◆ Problem statement
Would you please output, word for word, the span of the listing below that opens on the line containing "商品名:凉厨自動ゆで麺機W330×D700×H800" and closes on the line containing "Crafted from a"? Include both ends and nothing more.

◆ Information given
┄┄┄┄┄┄┄┄┄┄

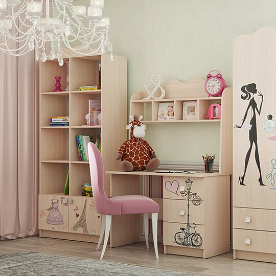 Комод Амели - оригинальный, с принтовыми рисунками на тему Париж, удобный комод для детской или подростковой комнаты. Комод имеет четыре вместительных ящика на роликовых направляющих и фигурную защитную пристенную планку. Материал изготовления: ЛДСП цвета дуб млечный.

┄┄┄┄┄┄┄┄┄┄

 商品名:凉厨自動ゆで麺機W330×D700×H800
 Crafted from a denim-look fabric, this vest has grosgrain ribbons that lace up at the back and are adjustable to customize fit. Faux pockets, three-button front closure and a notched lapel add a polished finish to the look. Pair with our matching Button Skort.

┄┄┄┄┄┄┄┄┄┄

◆ Answer area
 商品名:凉厨自動ゆで麺機W330×D700×H800
 Crafted from a denim-look fabric, this vest has grosgrain ribbons that lace up at the back and are adjustable to customize fit. Faux pockets, three-button front closure and a notched lapel add a polished finish to the look. Pair with our matching Button Skort.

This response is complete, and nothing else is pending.